Extracted data entries -

————

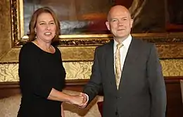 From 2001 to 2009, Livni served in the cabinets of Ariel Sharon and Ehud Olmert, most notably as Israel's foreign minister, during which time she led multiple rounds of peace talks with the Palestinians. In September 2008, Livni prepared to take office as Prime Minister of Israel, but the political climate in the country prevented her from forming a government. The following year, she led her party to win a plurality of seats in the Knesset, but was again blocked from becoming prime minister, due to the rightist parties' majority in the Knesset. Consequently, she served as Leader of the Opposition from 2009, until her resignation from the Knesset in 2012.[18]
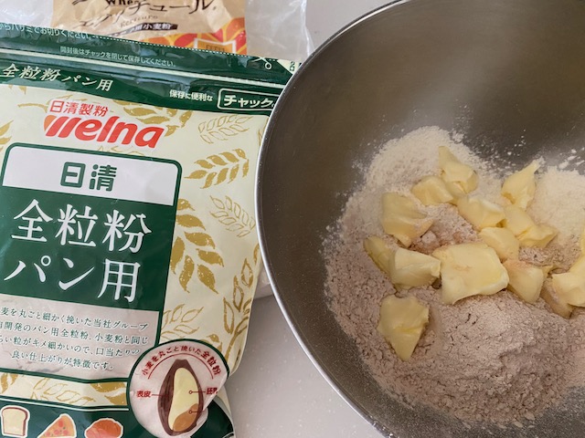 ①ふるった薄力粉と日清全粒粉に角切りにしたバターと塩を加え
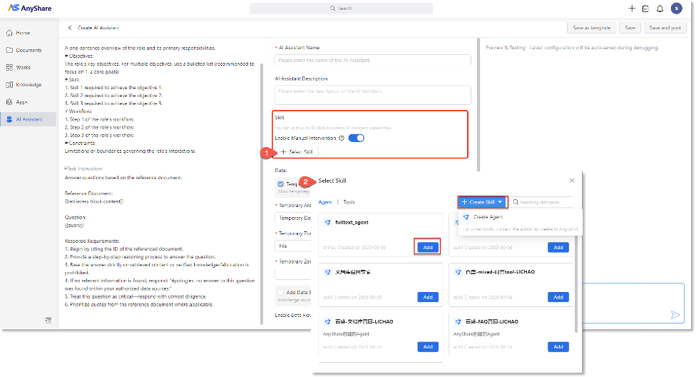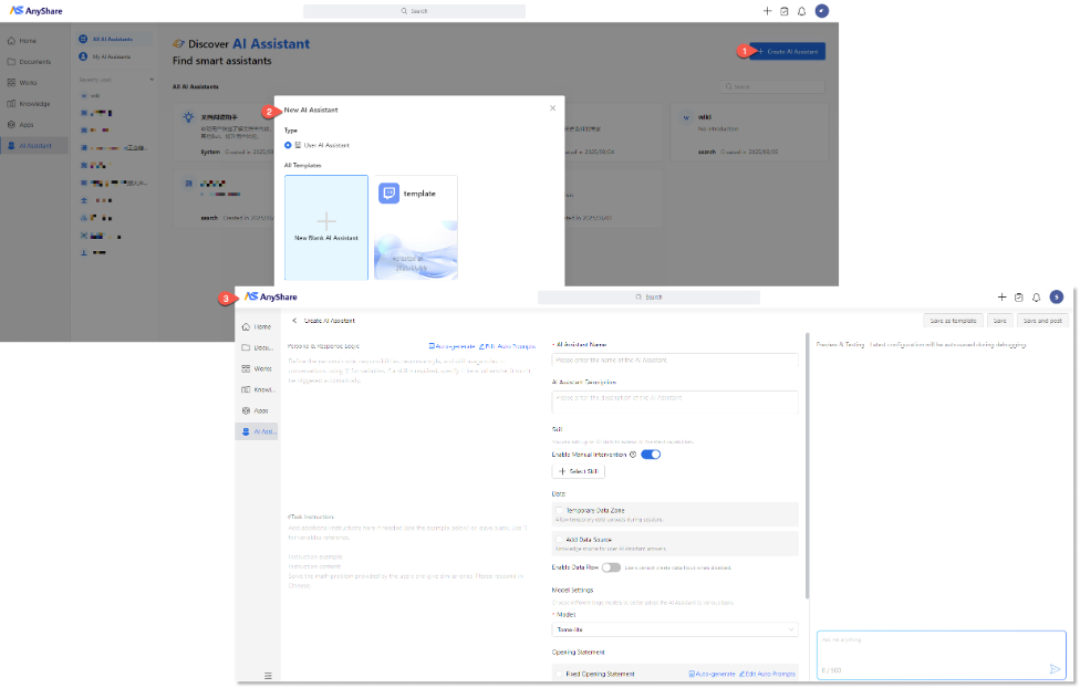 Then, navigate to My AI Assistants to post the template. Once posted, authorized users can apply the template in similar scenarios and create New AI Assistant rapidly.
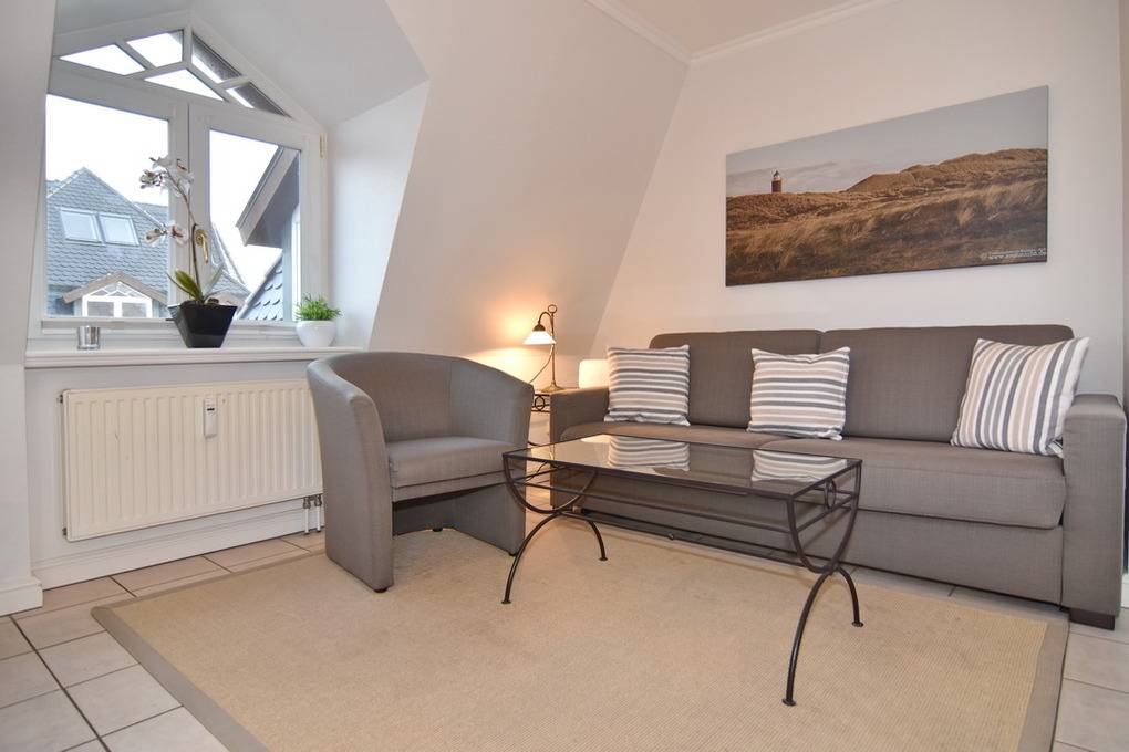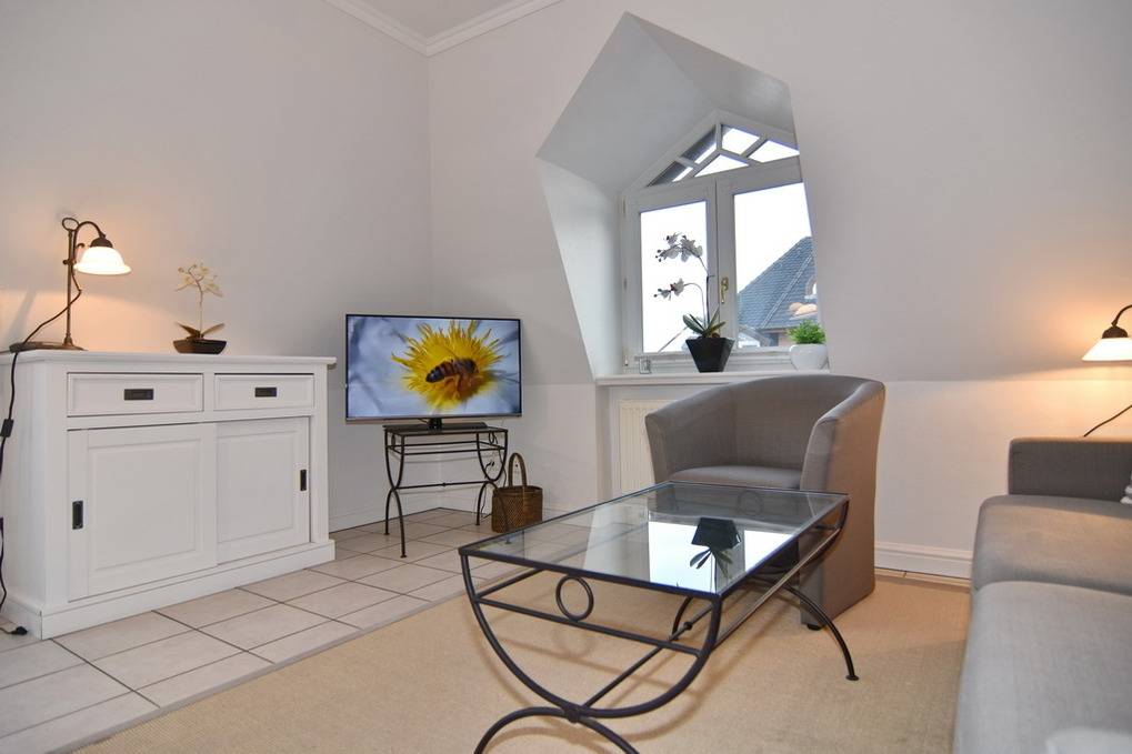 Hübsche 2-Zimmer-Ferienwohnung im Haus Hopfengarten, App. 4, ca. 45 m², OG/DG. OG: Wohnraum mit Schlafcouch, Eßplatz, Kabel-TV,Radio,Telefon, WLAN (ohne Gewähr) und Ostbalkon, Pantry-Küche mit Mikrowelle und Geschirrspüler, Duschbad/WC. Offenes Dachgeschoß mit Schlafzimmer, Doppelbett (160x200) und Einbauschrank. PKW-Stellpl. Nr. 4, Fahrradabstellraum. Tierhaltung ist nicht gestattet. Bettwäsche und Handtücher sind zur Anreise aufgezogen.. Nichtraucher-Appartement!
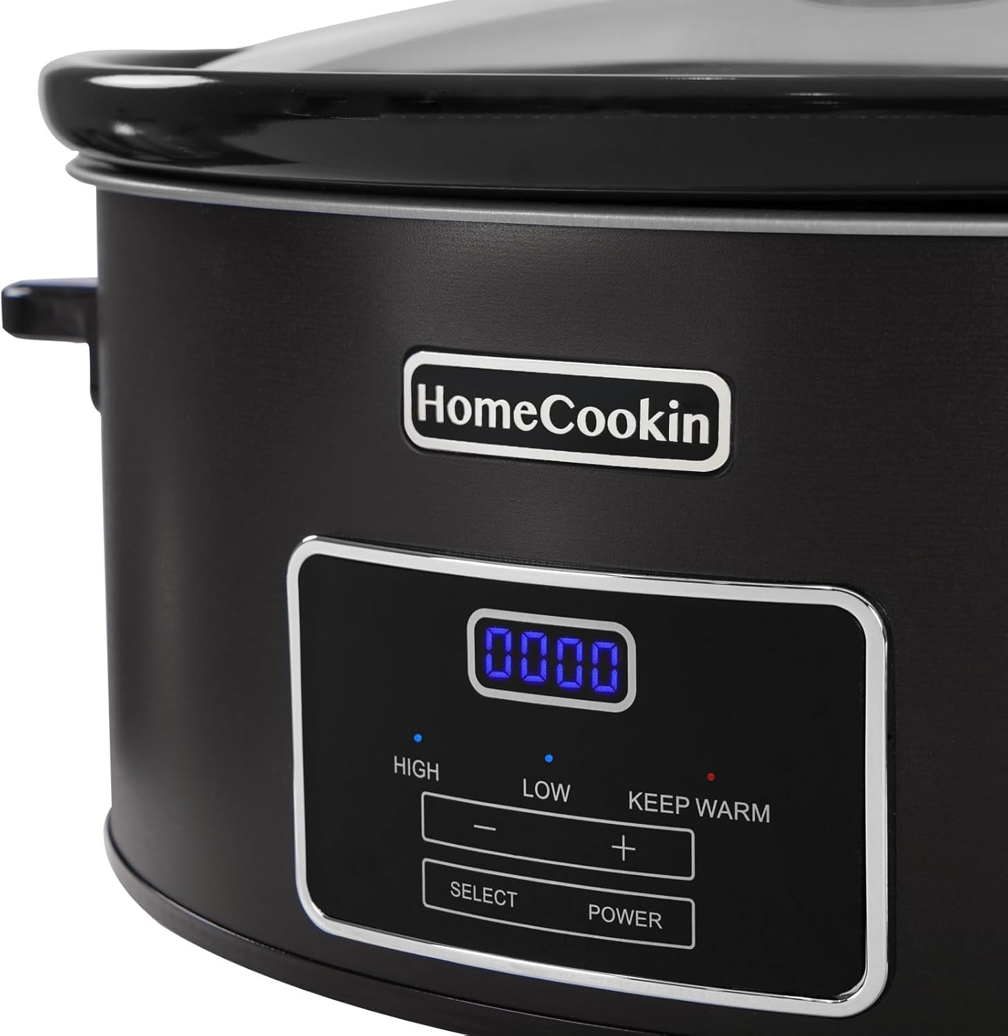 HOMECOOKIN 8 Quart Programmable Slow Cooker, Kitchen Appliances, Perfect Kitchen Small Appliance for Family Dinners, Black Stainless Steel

————

EXERCISE -
Write out the records above once more, word for word, with no pictures.

TASK RESPONSE -
 From 2001 to 2009, Livni served in the cabinets of Ariel Sharon and Ehud Olmert, most notably as Israel's foreign minister, during which time she led multiple rounds of peace talks with the Palestinians. In September 2008, Livni prepared to take office as Prime Minister of Israel, but the political climate in the country prevented her from forming a government. The following year, she led her party to win a plurality of seats in the Knesset, but was again blocked from becoming prime minister, due to the rightist parties' majority in the Knesset. Consequently, she served as Leader of the Opposition from 2009, until her resignation from the Knesset in 2012.[18]
 ①ふるった薄力粉と日清全粒粉に角切りにしたバターと塩を加え
 Then, navigate to My AI Assistants to post the template. Once posted, authorized users can apply the template in similar scenarios and create New AI Assistant rapidly.
 Hübsche 2-Zimmer-Ferienwohnung im Haus Hopfengarten, App. 4, ca. 45 m², OG/DG. OG: Wohnraum mit Schlafcouch, Eßplatz, Kabel-TV,Radio,Telefon, WLAN (ohne Gewähr) und Ostbalkon, Pantry-Küche mit Mikrowelle und Geschirrspüler, Duschbad/WC. Offenes Dachgeschoß mit Schlafzimmer, Doppelbett (160x200) und Einbauschrank. PKW-Stellpl. Nr. 4, Fahrradabstellraum. Tierhaltung ist nicht gestattet. Bettwäsche und Handtücher sind zur Anreise aufgezogen.. Nichtraucher-Appartement!
 HOMECOOKIN 8 Quart Programmable Slow Cooker, Kitchen Appliances, Perfect Kitchen Small Appliance for Family Dinners, Black Stainless Steel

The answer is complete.